Mais appeler les influenceurs n’est pas facile.
L’année dernière, un YouTuber utilisant le nom de Crypto Gouv a arnaqué près de 300 personnes et détourné plus de 4 millions, a déclaré le législateur Aurlien Tach à l’Assemblée nationale lors de l’examen du projet de loi.
Crypto Gouv a donné de fausses instructions sur l’investissement dans la crypto-monnaie et a demandé à ses abonnés de lui confier leurs fonds.
Une autre arnaque populaire visait le programme français de formation et d’éducation personnelles connu sous le nom de CPF – un système qui accorde des fonds allant jusqu’à 500 aux personnes en âge de travailler cherchant à accéder à une formation professionnelle.
Des influenceurs ont été payés pour annoncer de faux cours, contribuant à quelque 43 millions de fraudes présumées au CPF en 2021, selon le ministère de l’Économie.
Des produits ont été vendus qui ne sont jamais arrivés, les vacances ne se sont jamais matérialisées et des shampooings ont été annoncés contenant des substances interdites qui entraînent la chute des cheveux.
Dans une étude menée auprès de 60 influenceurs et agences d’influence de janvier 2023, la Direction générale de la concurrence, de la consommation et de la répression des fraudes (DGCCRF) a montré que 60 % ne respectaient pas la réglementation sur la publicité et le droit des consommateurs.
« Pour moi, c’est un peu comme une mafia », a déclaré Sam Zirah, un créateur de contenu en ligne qui a fondé l’émission YouTube et Twitch AJA, commentant la culture pop, les médias sociaux et la télé-réalité.
Son émission sensibilise à la publicité trompeuse sur les produits depuis près de deux ans, provoquant souvent la colère des influenceurs, de leurs agents et des sociétés de production télévisuelle, a-t-il déclaré à la BBC.
Il a interviewé des influenceurs pendant des années et dit qu’il a parfois été averti d’éviter certaines questions – ou de risquer de perdre son accès aux célébrités.
« Ils seront déterminés à vous mettre en faillite et à sauver leur image publique », a-t-il déclaré. « Ils essaieront de vous effrayer et de vous faire taire en poursuivant pour diffamation. »

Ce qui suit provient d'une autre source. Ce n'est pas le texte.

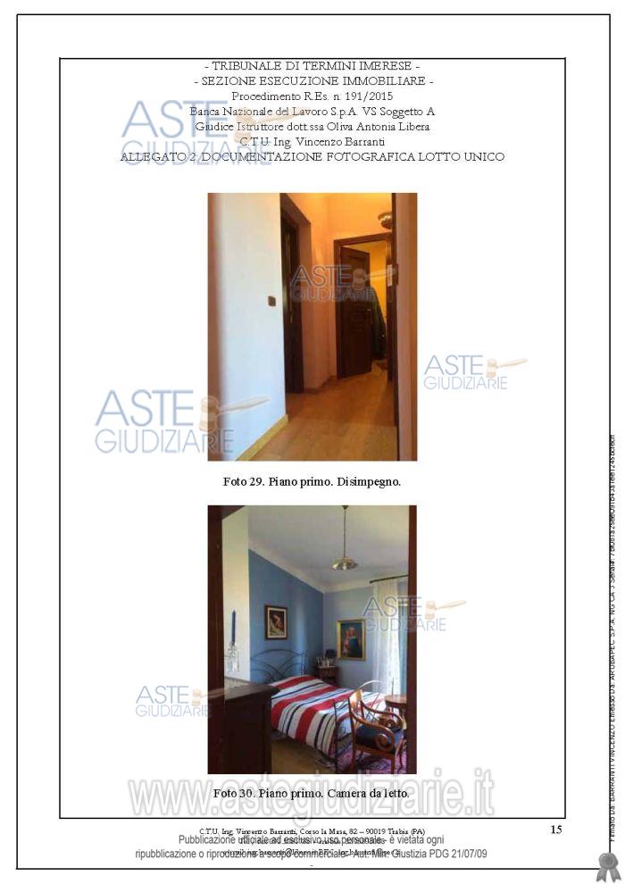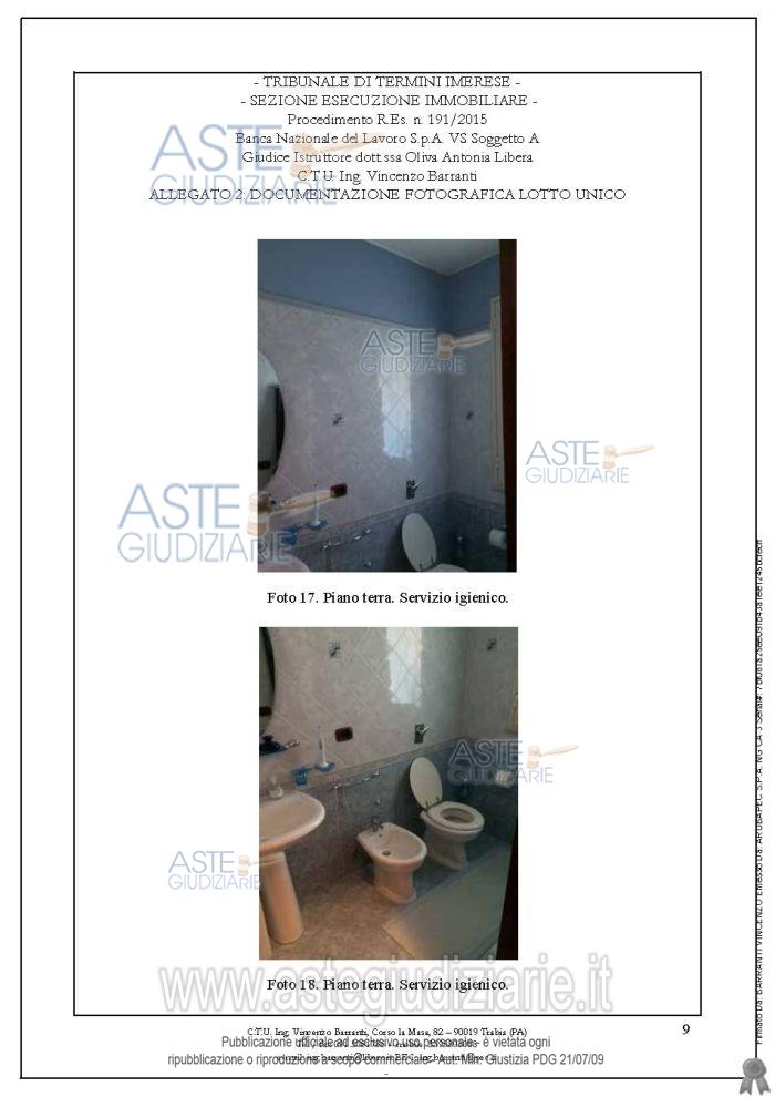 Vendita all'asta Senza incanto, con gara telematica sincrona - LOTTO UNICO: villetta su due elevazioni con terreno di pertinenza. Prezzo base € 157.295,00 (offerta minima € 117.971,25). Data vendita 18/11/2025 ore 15:30. Professionista delegato alla vendita Avv. Roberta Battaglia - Email "robertabattaglia1968@gmail.com"; Tel. 0918141032. Custode Giudiziario Avv. Roberta Battaglia - Email "robertabattaglia1968@gmail.com"; Tel. 0918141032. Rif. Tribunale di Termini Imerese - Esecuzione immobiliare post legge 80 n. 191/2015

Les influenceurs changent maintenant de tactique sur les réseaux sociaux, certains d’entre eux après une poussée du gouvernement. Six d’entre eux ont reçu l’ordre de publier une déclaration officielle du service de la consommation annonçant qu’ils avaient fait l’objet d’une injonction pour publicité trompeuse.

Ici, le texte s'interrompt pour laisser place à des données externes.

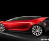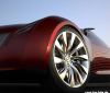 Das ändert allerdings nichts an der Tatsache, dass auch der Mazda Ryuga aus jedem Blickwinkel einen atemberaubenden Anblick bietet. Die 21 Zoll großen Räder sind extrem weit in die vier Ecken des Autos gerückt, was zu einem standesgemäßen Showauftritt verhilft. Zumal auch die aggressive Keilform selbst im geparktem Zustand den Eindruck dynamischer Bewegung vermittelt. Flächen, die an der Vorderseite schmal und an der Rückseite größer sind, spannen sich über die Räder und geben dem Exterieur so Kraft und Richtung. "Einige der Proportionen wirken wie vom Wind gepeitscht", beschreibt van den Acker. "Dramatik überall, zumal es nirgendwo eine echte Kante gibt."

Illan Castronovo a posté à ses 2,2 millions d’abonnés Instagram qu’il avait promu les jeux d’argent et un faux cours CPF, et qu’il n’avait pas été transparent sur les produits publicitaires.
« Je vois des influenceurs rire. Simon [another sanctioned influencer] et j’ai été puni et on m’a demandé de publier ça pendant 30 jours, mais c’est la plus petite punition – des punitions plus importantes arrivent », a-t-il averti sur Instagram.

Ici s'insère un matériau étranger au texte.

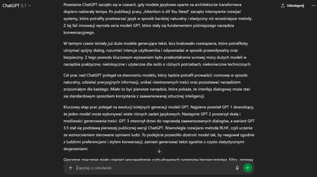 Co ciekawe, po tej zmianie poprosiłam o przepisanie wcześniejszego tekstu, który zawierał pauzy. Model automatycznie je usunął, mimo że w samym poleceniu nie prosiłam o ich usunięcie.

Maeva Ghennam, une star de télé-réalité devenue influenceuse avec sa propre marque de maquillage, a déclaré à ses 3,3 millions de followers qu’elle était « totalement d’accord » avec la nouvelle loi. Elle a provoqué un tollé en 2021 pour avoir fait la promotion de la chirurgie de la labiaplastie – illégale car elle n’est pas une professionnelle de la santé.
Mais bien sûr, tous les influenceurs n’agissent pas de manière irresponsable.
Louise Aubry, dont le compte Instagram permet de promouvoir sa propre marque de lingerie éco-responsable et inclusive, dit qu’il est dommage que pour beaucoup le mot influenceur soit devenu presque synonyme de voleur.
« Je ne pense pas que les gens réalisent l’impact positif que les influenceurs peuvent avoir sur la vie des gens. Je reçois beaucoup de messages me remerciant. »
La modification de la loi ne mettra peut-être pas fin à l’ère de la influvoleursou escrocs de la grippe, comme les appelait autrefois le rappeur français Booba.
La question est de savoir comment les influenceurs français s’adaptent à la nouvelle réalité.